I Invite Us All to a Greater Level of Racial Honesty

First, check out this speech:

http://fusion.net/story/229269/deray-mckesson-gay-blacklivesmatter/?utm_source=twitter&utm_medium=social&utm_campaign=socialshare&utm_content=desktop+top

Then, read the rest of this post:

In the past year or two, I have been, as DeRay McKesson says in this speech, “coming out of the quiet.”

I have joked often about how I’m “coming out as Black,” and it’s more than a joke. I have been challenging myself to speak up and speak out about racism, classism, sexism, homophobia, and transphobia as I see them, experience them, and/or as the have affected me and others. But, particularly, I have been finding my voice as a Black person to name issues of race as they arise in my life, in my history, in my life circumstances, and within the world.

The taboo against naming, acknowledging, and dealing with matters of race in this country is profound. Just naming my own truth, my own experience of the subtle and profound racialized experiences I am having and witnessing on any given day is a radical act. It is terrifying. Yet, the more I do it, the easier it becomes. I feel my strength and my power and my vitality growing to overshadow the fear of harm coming to me (in any of the innumerable ways that harm can come, from social/professional censure to incarceration to assassination a.k.a. “suicide in police custody”).

I have been moved and inspired and emboldened by activists in the #BlackLivesMatter  movement to speak out, to protest, to educate, to agitate, and again and again to refuse compliance with the conspiracy of silence that insists that people like me keep our mouths shut in the face of overwhelming and systemic oppression, discrimination, violence, and tyranny.

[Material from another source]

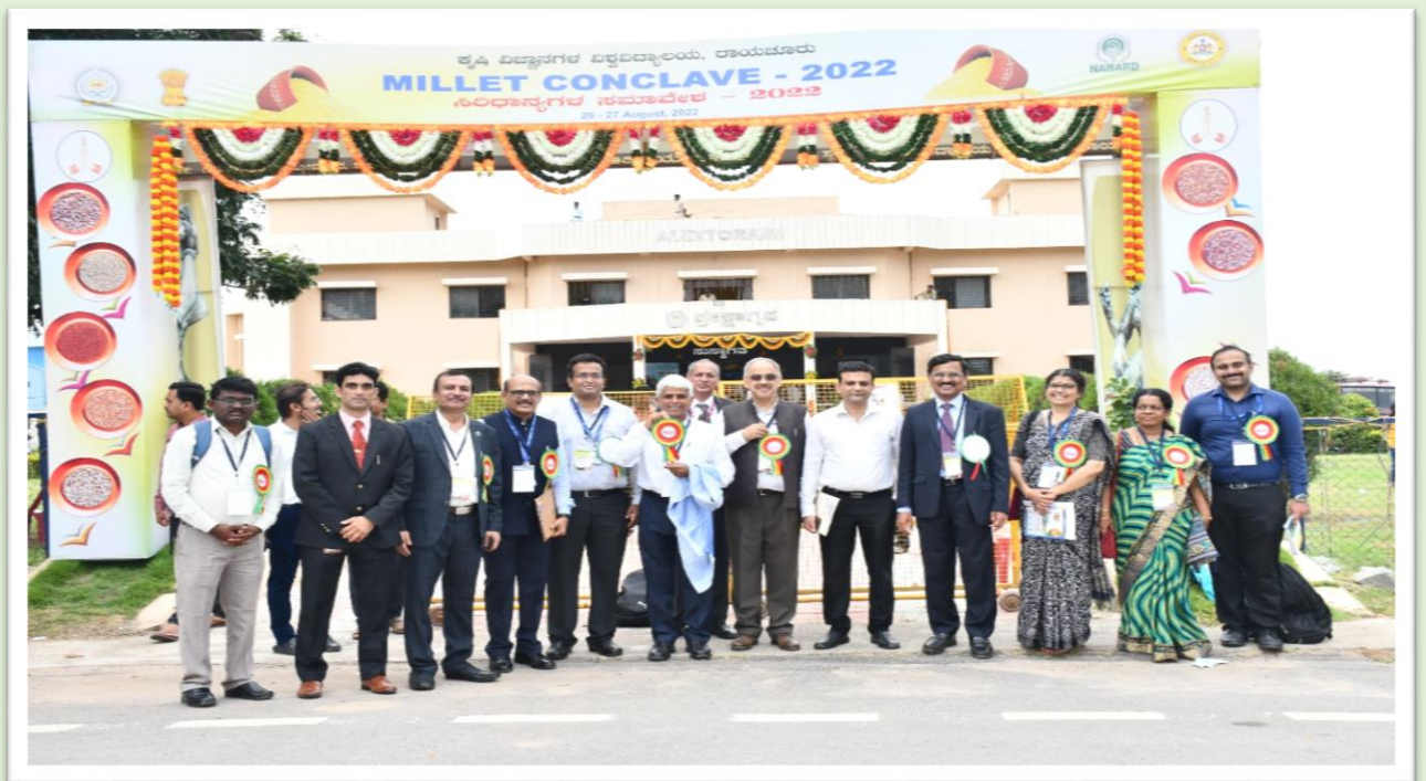
NABARD Team at the Millet Conclave

Not only do #BlackLivesMatter, but #BlackVoicesMatter, #BlackStoriesMatter, #BlackTruthMatters.

I may not be able to change systemic racism all by myself, but I can change the volume setting on my own voice. I can take my voice off of mute. I can project it. I can add my voice to the chorus of people speaking up.

Whether or not anyone else listens to me, *I* listen to me speaking up on my own behalf and on behalf of my own Blackness and it strengthens and empowers me. Some part of my soul that was dying due to voicelessness comes alive again and grows strong.

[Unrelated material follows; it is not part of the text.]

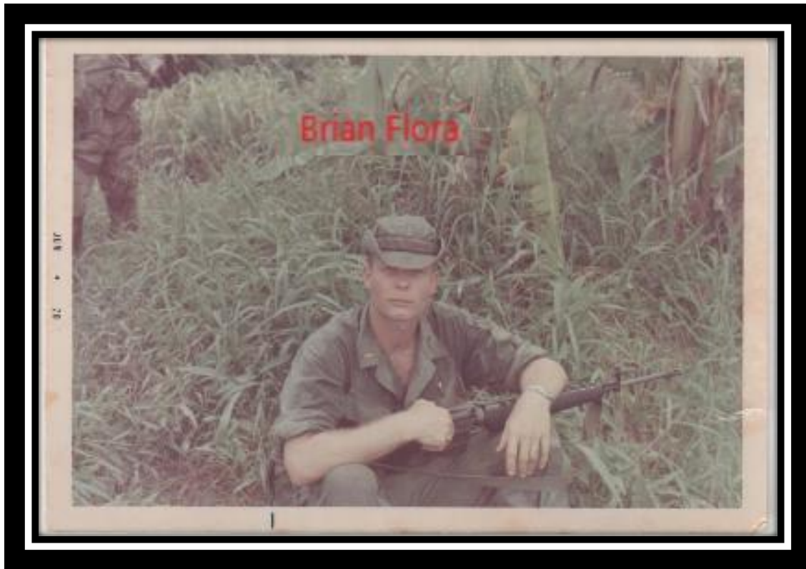
Second Looie: Second Looie (or a freshly minted First Looie) out on an operation with the village PF militia.

But, there is power in numbers. I want to invite us all to a greater level of #RacialHonesty. The invitation is for those of us whose voices have been more silenced in this country on the basis of race to acknowledge our racial experience (to the degree that we safely and healthily can) and for those whose stories and voices are privileged in this country on the basis of race to be more honest about what they do not know about the experience of people of color. It requires bravery on all sides. The more people of color who bravely speak up about their racial truth and the more white folks who bravely (and with cultural humility) listen, learn, and ally with us, the more change is possible.

Let us all come out of the quiet.

(P.S. Do actually listen to the speech DeRay McKesson gives here. It’s good.)